[Exercise directions] Although the data holds pictures, return only the lines from the one containing "玉ねぎ、ねぎ、ハーブ(パセリ" to the end, exactly, and without them.

[Supplied material]
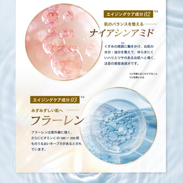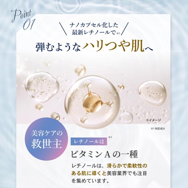 | 全成分 | 水、グリセリン、BG、スクワラン、トリエチルヘキサノイン、テトラエチルヘキサン酸ペンタエリスリチル、PPG-13デシルテトラデセス-24、セテアリルアルコール、ジメチルイソソルバイド、ステアリン酸PEG-25、ジメチコン、ステアリン酸ソルビタン、ペンチレングリコール、エチルヘキシルグリセリン、ナイアシンアミド、キハダ樹皮エキス、ポリクオタニウム-61、アデノシン三リン酸2Na、レチノイン酸ヒドロキシピナコロン、フラーレン、パルミトイルペンタペプチド-4、マカデミアナッツ脂肪酸フィトステリル、トリイソステアリン、キサンタンガム、PVP、カルボマー、(アクリレーツ/アクリル酸アルキル(C10-30))クロスポリマー、ポリソルベート20、水酸化K、酢酸トコフェロール、EDTA-2Na、フェノキシエタノール |
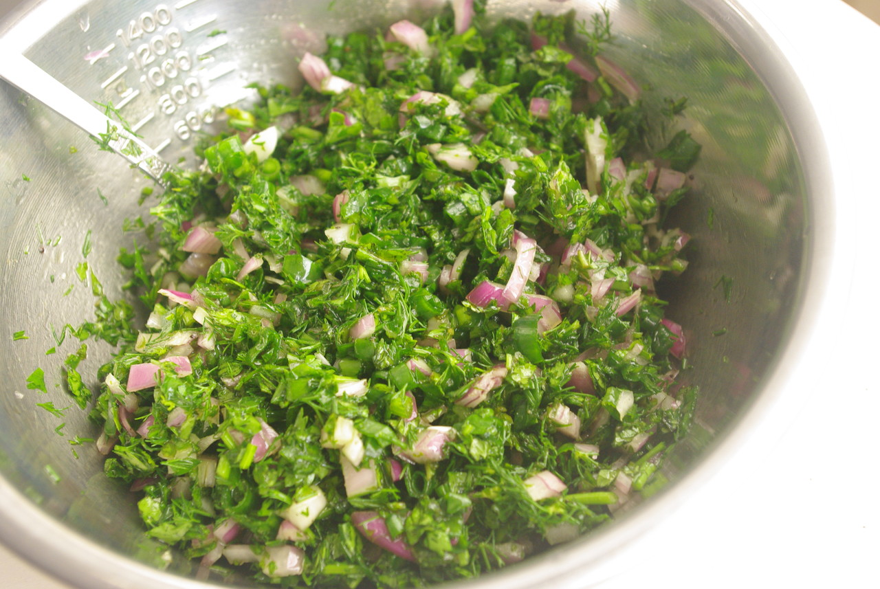 玉ねぎ、ねぎ、ハーブ(パセリ、ディル、スペアミント)をざくざく刻んで調味料を加えて混ぜたら、この時点ですでにおいしそう♪何度も書いてますが、オリーブオイルをたっぷり加え、塩辛く(煮ると薄まるので)味付けするのがポイントです。
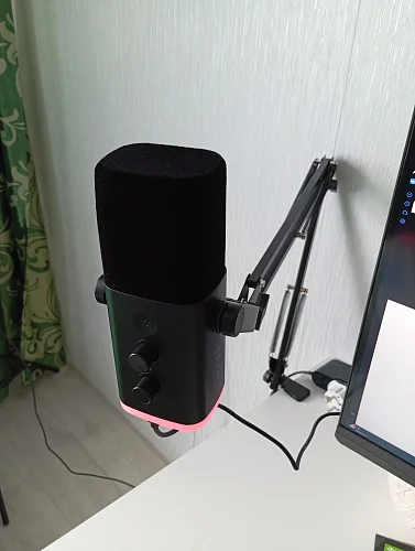 Fifine AmpliGame AM8T обладает многофункциональностью. Помимо стандартного подключения USB-A, он оснащен разъемом XLR, который открывает возможности использования профессионального аудиооборудования. Микрофон имеет встроенную RGB-подсветку, которая может создать индивидуальную атмосферу во время стримов или записи видео. Для удобства управления звуком имеется кнопка отключения звука, регулятор громкости микрофона и разъем для наушников, позволяющий осуществлять мониторинг звука в реальном времени.
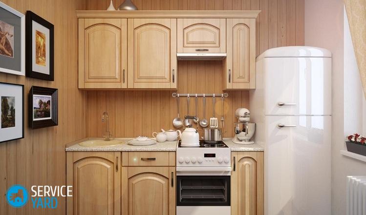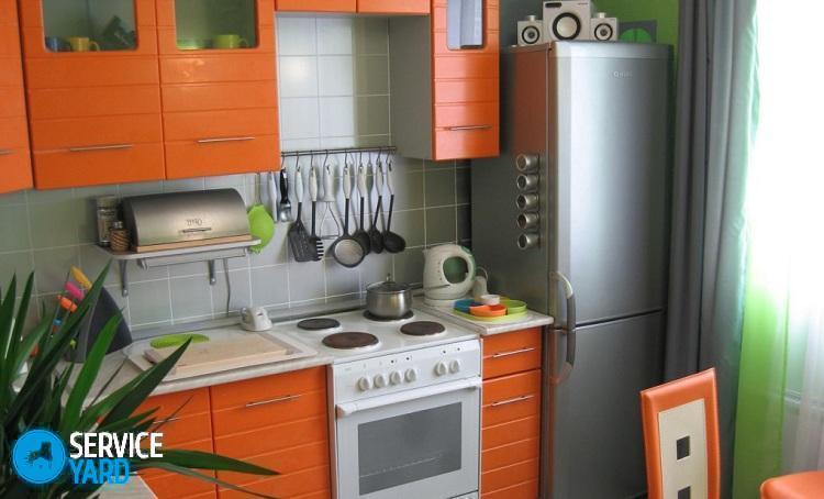 En una cocina pequeña, todos los objetos altos se colocan mejor en los bordes para que no haya espacio en el espacio de la encimera. Cuando piense en arreglar muebles en una cocina pequeña, preste atención a qué lado se abre la puerta del refrigerador. En este caso, la mejor opción es si se abre a la pared más cercana y podría abrir 90 grados para que pueda colocar o retirar libremente los productos necesarios del refrigerador.

[Answer section]
 玉ねぎ、ねぎ、ハーブ(パセリ、ディル、スペアミント)をざくざく刻んで調味料を加えて混ぜたら、この時点ですでにおいしそう♪何度も書いてますが、オリーブオイルをたっぷり加え、塩辛く(煮ると薄まるので)味付けするのがポイントです。
 Fifine AmpliGame AM8T обладает многофункциональностью. Помимо стандартного подключения USB-A, он оснащен разъемом XLR, который открывает возможности использования профессионального аудиооборудования. Микрофон имеет встроенную RGB-подсветку, которая может создать индивидуальную атмосферу во время стримов или записи видео. Для удобства управления звуком имеется кнопка отключения звука, регулятор громкости микрофона и разъем для наушников, позволяющий осуществлять мониторинг звука в реальном времени.
 En una cocina pequeña, todos los objetos altos se colocan mejor en los bordes para que no haya espacio en el espacio de la encimera. Cuando piense en arreglar muebles en una cocina pequeña, preste atención a qué lado se abre la puerta del refrigerador. En este caso, la mejor opción es si se abre a la pared más cercana y podría abrir 90 grados para que pueda colocar o retirar libremente los productos necesarios del refrigerador.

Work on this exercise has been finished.